I gazed at Rose, her face painted inky blue from the dim moonlight. She looked like a movie star. I almost blurted out how I felt about her, something I’d wanted to tell her for a while, but lost my courage and laughed through my nose.
“What?” Rose asked.
I shook my head. “Nothing. Just you.”
Rose moved her legs against mine. Her skin was so smooth. I could taste the wine on her lips.
Around midnight, Rose and I walked back to my aunt’s cottage and buried the empty wine bottle at the bottom of her recycling bin. Rose had been given the downstairs guest room, while I’d be claiming an air mattress in the attic. We kissed good night in the kitchen.
Twice.
Three times.
Eventually, Rose went to her room and I walked up the creaky attic stairs.
TWENTY-EIGHT
I WOKE TO THE SOUND OF A BIRD DIRECTLY OUTSIDE THE ATTIC WINDOW. Its relentless alarm came in question form: Po-tee-weet? Po-tee-weet? I decided the human translation was either “Are you up?” or “Where all the ladies at?”
I opened one blurry eye to check my phone. 10:13.
Shit!
I overslept.
I rolled off my half-deflated air mattress—a maneuver about as graceful as slipping on ice—and threw on trunks and a fresh shirt. Down the stairs I stumbled, rubbing sleep from my eyes. I burst through the door at the bottom expecting to see everyone at the breakfast table, but it sat empty.
Not empty—there was a note.
Zeus,
Hope you slept well. We’re down on the pier. Feel free to heat up breakfast leftovers in the microwave.
—A. W.
After inhaling a cold vegetarian breakfast burrito, I headed for the water.
The pier had already begun to fill with people. I zigged around beach chairs and zagged under umbrellas. At the end of the pier, Rose sat on a wooden bench with my family, wearing a bright yellow bikini that showed all the right things.
“Hey there, sleepyhead. I like the new look.” She passed a hand over my hair as I sat next to her. “It goes well with the crease marks on your face.” She traced a line along my cheek where my face had been mashed into the pillow.
“Very funny,” I said, smoothing my hair down.
“Who’s ready for a boat ride?” asked my aunt, dangling the keys.
Soon, Aunt Willow’s twenty-one-foot maroon Wellcraft Sportsman, which I’d nicknamed the SS Ron Burgundy, was backing out from its lift. Rose and I sat up front, Aunt Willow drove, Mom rode shotgun, and Grub sat crouched in the back with his Nerf gun aimed at the shore.
As we made our way out of the bay and into the lake proper, we veered left, hugging the shoreline. Aunt Willow gave us a guided tour, pointing out various lakefront homes: the Wrigley Estate; the Playboy Club Hotel, Hugh Hefner’s original Playboy Mansion; the Driehaus Estate, famous for its million-dollar party every year with changing themes. I imagined their owners frolicking in diamonds and blowing their noses with wads of hundred-dollar bills. And then I pictured our Buffalo Falls apartment, and me riding Mom’s old Schwinn across the bridge delivering salads. The injustice I felt at that moment registered somewhere shy of jealous and a hair past envious, hovering around bitter. But the feeling soon passed when Rose crossed her bare feet over mine. I looked at her in that bikini, wishing I’d worn sunglasses.
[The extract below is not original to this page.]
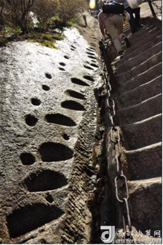 第二道險關(guān)是百尺峽。這里兩壁高聳,中間夾著一塊從天而降的巨石,上刻“驚心石”三個大字,游人從石下小路穿過,確實驚心動魄。第三道險關(guān)是老君犁溝,這是夾在陡峭石壁之間的一條溝狀險道,有570多個石階。相傳這里原先根本沒有路,太上老君見了,就將手中的如意柄變成一張鐵犁, 又牽來青牛,一夜間犁成了這條山溝。傳說青牛犁完溝后,見華山景色壯美,便化為石牛,永遠地留在了華山之上。溝的盡頭是一道陡壁, 名為“猢猻愁”。顧名思義,連猴子都發(fā)愁,可見這里的山勢多么陡峭。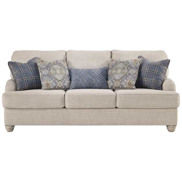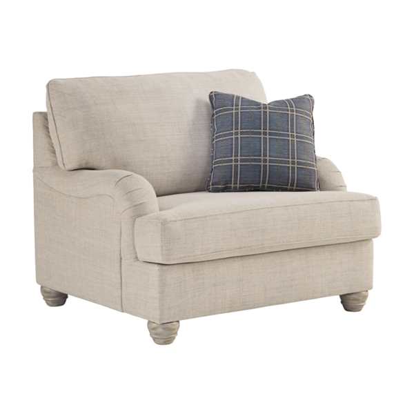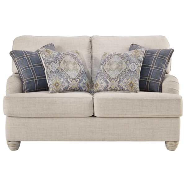 The exposed turned feet with a faux wood finish add a refined touch to the overall aesthetic, enhancing the set's modern appeal. The neutral upholstery is not only visually appealing but also easy to clean and maintain, making it suitable for households with children or pets. The platform foundation system incorporated into the sofa and loveseat resists sagging better than traditional spring systems, offering consistent support and maintaining a wrinkle-free appearance over time. This feature ensures that the cushions retain their shape and comfort, even after years of use.

The curves, the belly button, the bouncing, the—
“See that one?” My aunt pointed to another mansion. “The woman who lives there owns an art gallery where I sell some of my paintings. She’s having her big summer soirée tonight.”
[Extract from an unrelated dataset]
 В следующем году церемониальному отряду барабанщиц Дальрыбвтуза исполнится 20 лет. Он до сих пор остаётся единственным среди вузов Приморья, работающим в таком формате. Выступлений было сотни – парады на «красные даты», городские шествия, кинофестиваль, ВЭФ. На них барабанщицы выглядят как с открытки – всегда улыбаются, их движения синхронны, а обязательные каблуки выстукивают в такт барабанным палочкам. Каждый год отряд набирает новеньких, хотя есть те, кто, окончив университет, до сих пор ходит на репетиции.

I looked at the labyrinthine landscaping that cut its way uphill, where a four-story brick house shadowed a sprawling lawn. A large white tent had been set up in the yard, and uniformed workers buzzed around it like bees. It was one of the fanciest properties we’d seen yet.
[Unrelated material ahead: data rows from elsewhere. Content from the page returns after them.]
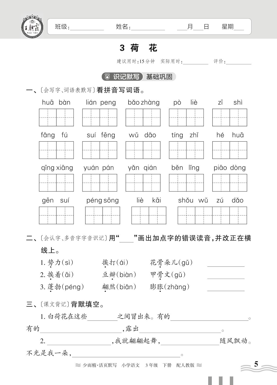 2024春下册三年级语文人教版 第一单元——3. 荷花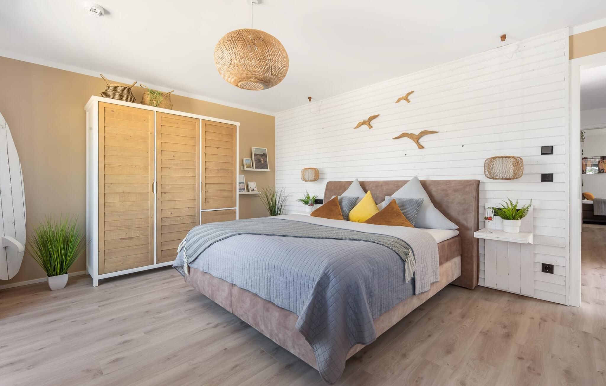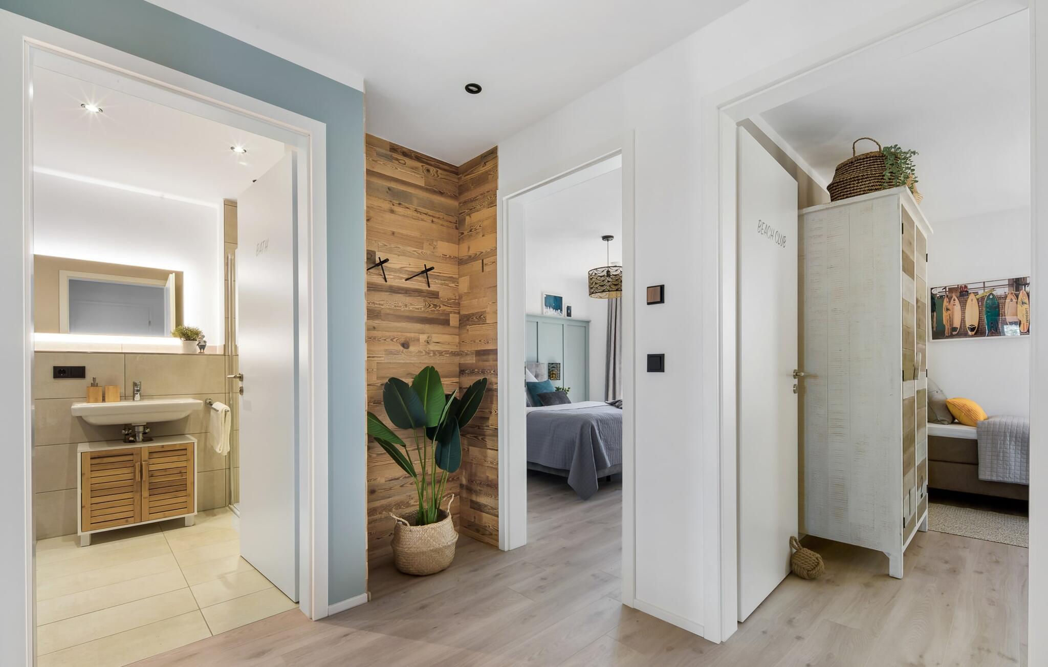Beim Betreten der Ferienwohnung im ersten Obergeschoss beginnt vom ersten Moment an die Entspannung. Ihr befindet euch direkt im Ruhebereich der Wohnung. In dieser Etage befinden sich die drei Schlafzimmer der Wohnung. Egal für welches Schlafzimmer ihr euch entscheidet, erholsamer Schlaf ist euch sicher. Zwei Schlafzimmer sind mit Doppelbetten, eines mit Überlänge (220cm), sowie jeweils einem Fernseher ausgestattet. Das dritte Schlafzimmer empfängt euch mit zwei Einzelbetten.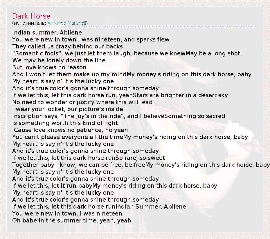 Indian summer, Abilene You were new in town I was nineteen, and sparks flew They called us crazy behind our backs "Romantic fools", we just let them laugh, because we knewMay be a long shot We may be lonely down the line But love knows no reason And I won't let them make up my mindMy money's riding on this dark horse, baby My heart is sayin' it's the lucky one And it's true color's gonna shine through someday If we let this, let this dark horse run, yeahStars are brighter in a desert sky No need to wonder or justify where this will lead I wear your locket, our picture's inside Inscription says, "The joy's in the ride", and I believeSomething so sacred Is something worth this kind of fight 'Cause love knows no patience, no yeah You can't please everyone all the timeMy money's riding on this dark horse, baby My heart is sayin' it's the lucky one And it's true color's gonna shine through someday If we let this, let this dark horse runSo rare, so sweet Together baby I know, we can be free, be freeMy money's riding on this dark horse, baby My heart is sayin' it's the lucky one And it's true color's gonna shine through someday If we let this, let it run babyMy money's riding on this dark horse, baby My heart is sayin' it's the lucky one And it's true color's gonna shine through someday If we let this, let this dark horse runIndian Summer, Abilene You were new in town, I was nineteen Oh babe in the summer time, yeah, yeah

“How cool would it be to go to that party?” said Rose.
My aunt laughed. “We can go if you like. All I have to do is let Sylvia know. She invited me, but I didn’t want to cancel plans with you guys.”
Rose looked at me eagerly. “Want to go?”
“Are you sure you want to hang around a bunch of old artsy people?” I asked.
“Watch it, buster!” said my aunt with a wink. “We’re not all ancient. Besides, Sylvia mentioned her grandson and his friends would be there. They’re about your age, I think.”
I looked back at Rose, who had plastered a cheesy smile on her face and held her hands folded under her chin—a face you couldn’t say no to.